5:31 “It was also said, ‘Whoever shall put away his wife, let him give her a writing of divorce,’ {Deuteronomy 24:1}
5:32 but I tell you that whoever puts away his wife, except for the cause of sexual immorality, makes her an adulteress; and whoever marries her when she is put away commits adultery.”

(Matt 5:31-32 WEB)

Making an adulteress

Various prophets depicted the relationship between God and Israel as a marriage in which the Lord was the groom and his chosen people the bride. This bond was intended to ensure absolute fidelity so long as the nation might survive. Therefore, God hates divorce (Mal 2:16).

Moses allowed unilateral divorce, so a man could divorce his wife but not vice-versa. The husband did so by giving his wife a formal bill of divorce. By Jesus’ day Rabbi’s were allowing such bills of divorce to be written for all manner of reasons.
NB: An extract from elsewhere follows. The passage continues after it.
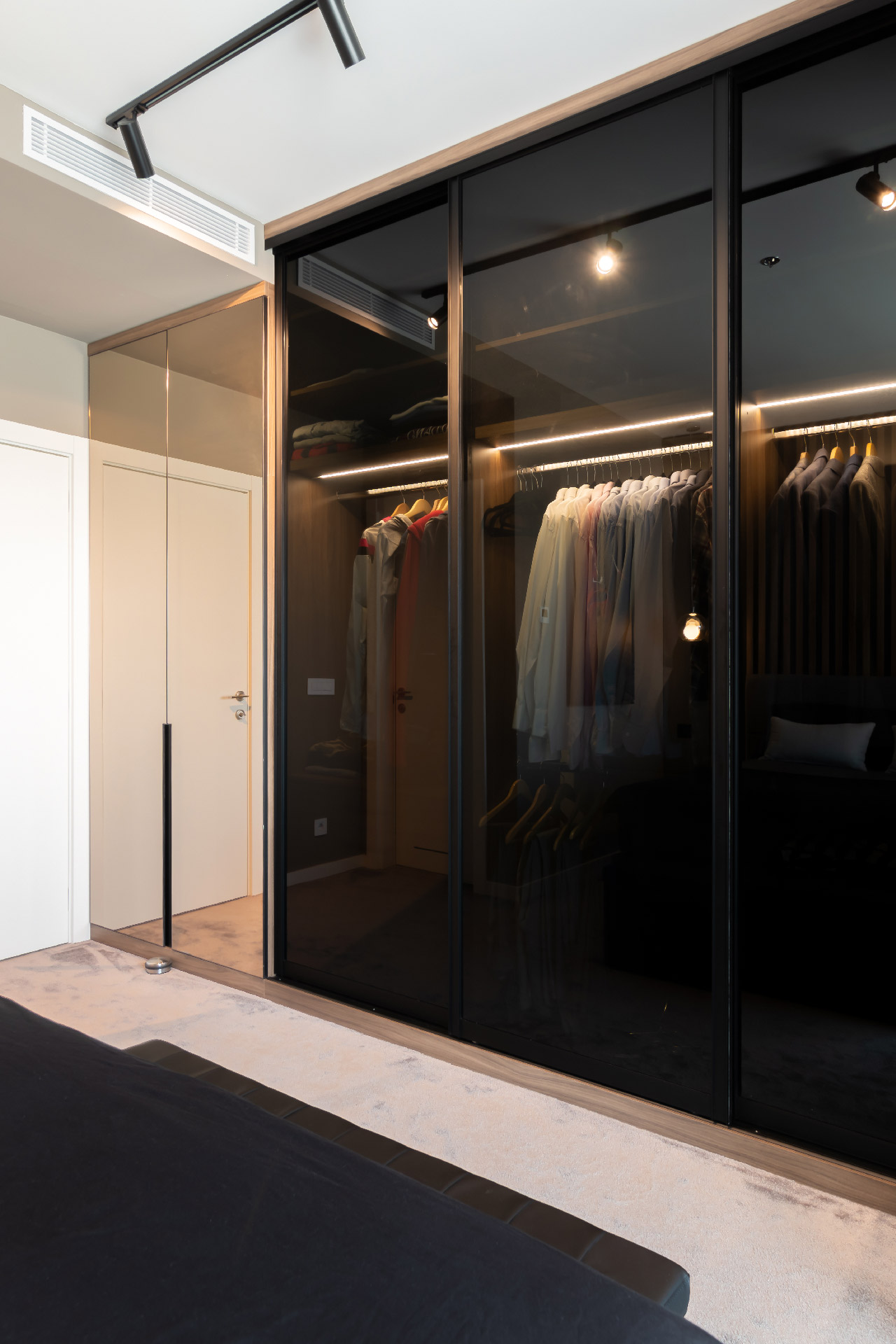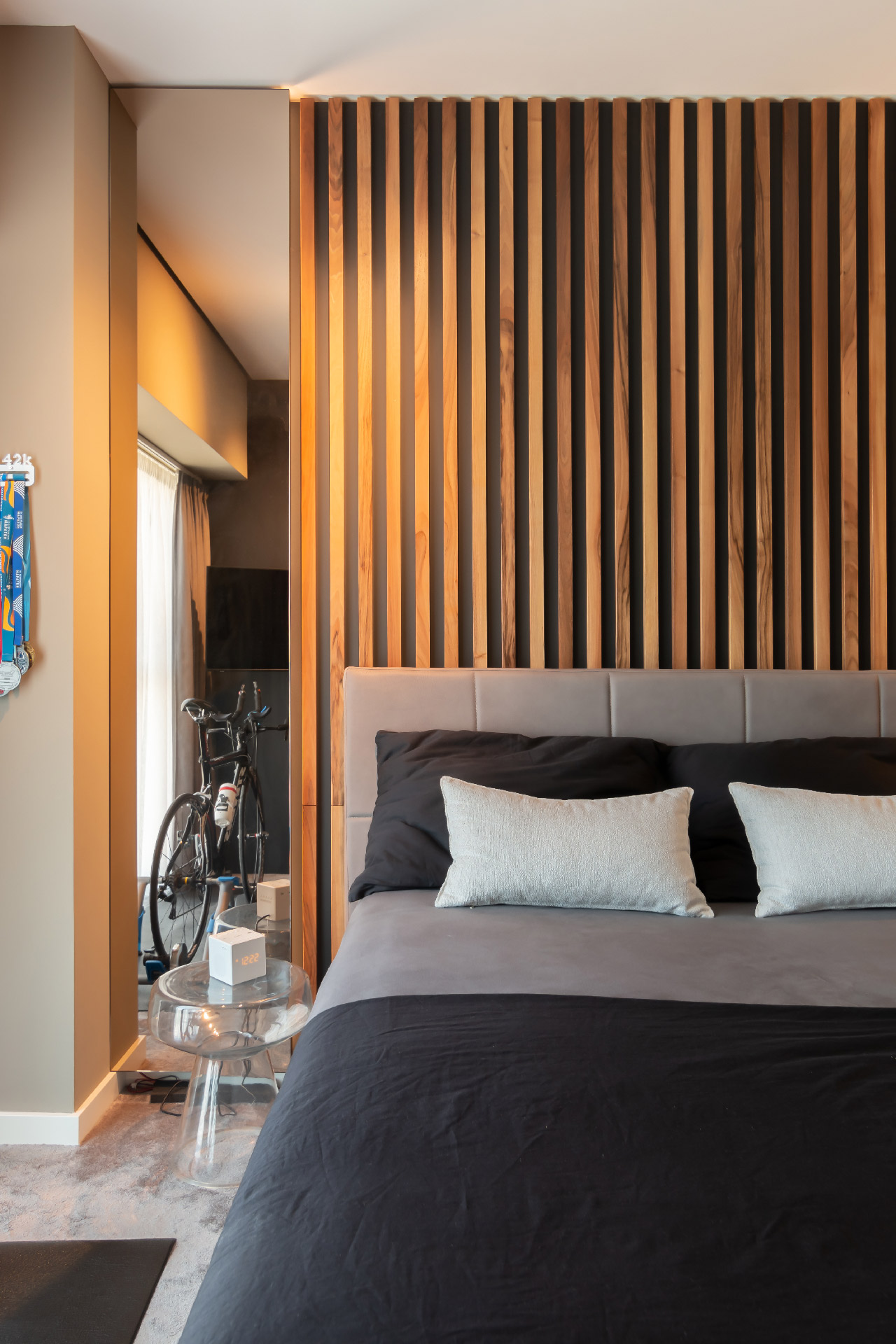 Master soba je takođe izvedena u tamnijim tonovima, a zahtev vlasnika jeste bio i smeštanje trenažnog bicikla u sobi. Bicikl je našao mesto pored prozora naspram kojeg je postavljen manji ekran koji pomaže vežbanju.

Jesus, however, stressed that Moses only permitted divorce because men were not prepared to live up to God’s ideal (Mark 10:4-5).

In Matt 5:43-48, Jesus encouraged his disciples to model their behaviour toward enemies on that of God and to emulate God’s perfection. Here he re- introduces that theme, by condemning unilateral divorce except on the grounds of adultery. The sole exception is allowed because God, after suffering the persistent spiritual adultery of Israel’s Northern Kingdom (i.e. their worship of other gods), wrote a certificate of divorce (Jer 3:8) and left them to their own devices.

A marriage involves vows to God by both the husband and the wife, but in a society where women generally depended upon men for their upkeep, divorce effectively forced a woman to contravene her promise to God and find another partner in order to survive. Unless she had already rendered herself legally dead by committing adultery, the original marriage still existed in God’s eyes. Therefore, anyone marrying her also committed adultery.